◆ What you are asked to do
With pictures left out, output word for word the lines from the one containing "Vintage Chantel Quartz" through the end of the material below.

◆ Data provided
········

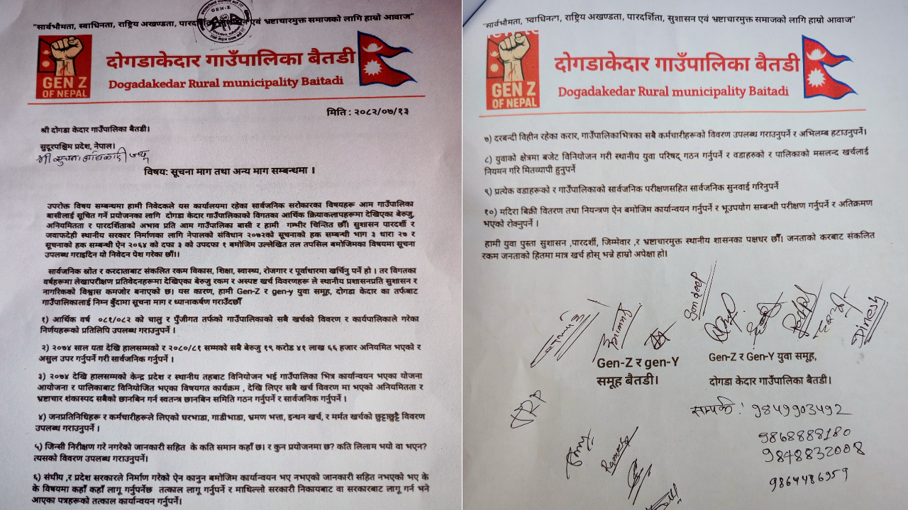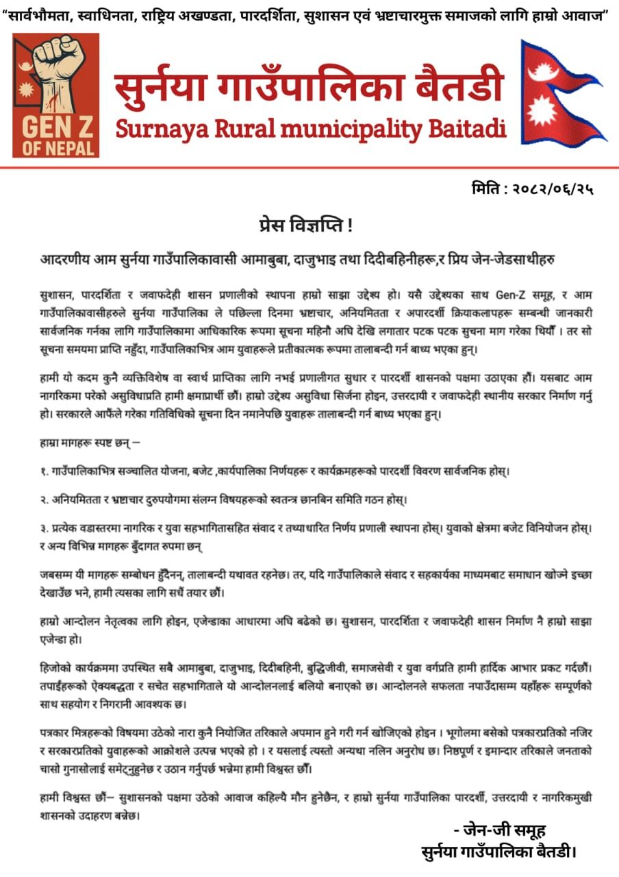 यसबाहेक गाउँपालिकामा रहेका जिन्सी सामानहरूको निरीक्षण, लिलाम तथा प्रयोगको विवरण सार्वजनिक गर्नुपर्ने, प्रत्येक वडा तथा गाउँपालिकाको सामाजिक परीक्षण गरी सार्वजनिक सुनुवाइ गर्नुपर्ने र गाउँपालिका स्तरीय खेलमैदान निर्माणका लागि बजेट विनियोजन गर्नुपर्ने माग पनि जेन–जी युवाहरूले राखेका छन् ।
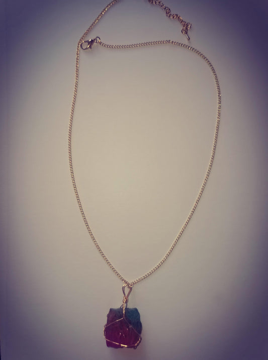 Z Chakra Stimulation, Manifestation Rainbow Quartz Copper Wire Wrapped Crystal Chakra Pendant Necklace
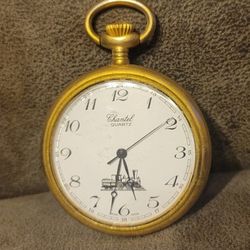 Vintage Chantel Quartz Swiss Made Open Face Pocket Watch Train Gold Tone$80Baytown, TX
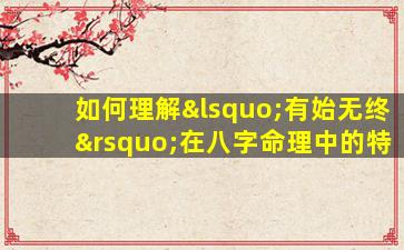 在八字命理中,“有始无终”是一个特殊术语,通常用来描述某种命局特征或人生轨迹的象征性表达。其含义需结合命理学的核心理论(如五行生克、十神关系、大运流年等)来深入理解。以下是分层次的解析:

········

◆ Solution for this task
 Vintage Chantel Quartz Swiss Made Open Face Pocket Watch Train Gold Tone$80Baytown, TX
 在八字命理中,“有始无终”是一个特殊术语,通常用来描述某种命局特征或人生轨迹的象征性表达。其含义需结合命理学的核心理论(如五行生克、十神关系、大运流年等)来深入理解。以下是分层次的解析:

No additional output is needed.